This is a small product-intake workflow, not a promise that AI can run an ecommerce store by itself. The useful part is narrower: a product photo becomes a reviewable WooCommerce product page without a person opening WordPress, uploading the image, writing the first description, and sending the review link by hand.
The workflow handles the repetitive first pass. A person can still check the title, price, category, and claims before using it in a real store.
The generated product page
The result is a real WooCommerce product page in a temporary test store. For this demo, the workflow creates the product with the uploaded image, a short title, a short description, and a demo price. The screenshot still shows the store's default category because category mapping was not part of this prototype.
The loop closes in the same chat
The operator sends a product photo into a private admin chat. After n8n creates the WooCommerce listing, the bot replies with the product URL so the person can inspect it immediately. Telegram is just the internal intake tool here, not a public FloxoLab contact channel.
The workflow map
The n8n canvas stays simple: receive the photo, fetch the Telegram file, upload it to WordPress Media, analyze the image, create the WooCommerce product, and send a message back to the chat.
The AI and tool setup
The image analysis step describes the visible product details. The AI agent then uses that analysis to prepare the product fields and call the WooCommerce tool. In this demo, the price is fixed and the text fields are intentionally short.
Why this works for WooCommerce teams
This approach works well for WooCommerce because the store already has the pieces the workflow needs: media uploads, product creation, product status, categories, and product URLs. n8n can talk to WooCommerce through native nodes, so a small team can test a product-intake workflow without building a custom admin panel first.
For this demo I used a temporary WordPress and WooCommerce test store. That made it easy to validate the workflow quickly before thinking about a real client store.
What the AI is allowed to do
Listing text should come from the image analysis, not invented product claims.
The title and description stay compact so a person can review them quickly.
This prototype uses a fixed demo price. A real store should pull price, stock, SKU, and category from a trusted source.
No sizes, materials, shipping promises, inventory, or brand claims should be added unless they are provided by the store.
Good fits
Small shops that still create product pages manually from product photos or supplier images.
Teams onboarding new product lines that need a faster first draft before final merchandising review.
Teams that repeatedly turn image inputs into product records, review queues, or marketplace drafts.
The intake chat could be Telegram, Messenger, or Viber depending on the team's daily tools. The important part is private operator intake, not a public support chatbot.
What I would improve next
Create products as draft by default, then publish after approval.
Add a review step so the operator can approve, edit, or reject a generated product before it goes live.

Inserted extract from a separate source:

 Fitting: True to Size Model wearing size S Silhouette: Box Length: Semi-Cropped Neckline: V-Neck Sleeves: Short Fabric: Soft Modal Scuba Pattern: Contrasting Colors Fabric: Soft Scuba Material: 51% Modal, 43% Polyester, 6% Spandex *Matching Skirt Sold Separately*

Map SKU, category, price, stock, size, color, and supplier source from trusted tables instead of asking AI to infer them.
Search existing products before creating a new page, especially when supplier photos repeat across batches.
If a message has no photo, the file cannot be downloaded, or the image analysis is weak, send a clear error back to the chat.
Bottom line
This workflow is useful because it turns a product photo into a reviewable WooCommerce listing without building a custom admin interface. A person should still check the title, category, price, and product claims before using it in a real store, but the blank-page work is already done: image upload, first draft, product page, and review link are prepared automatically.
Even with human review, the workflow can save the repetitive first pass: uploading the image, opening WooCommerce, creating the product, writing a short description, and sending the page link to the person responsible for approval.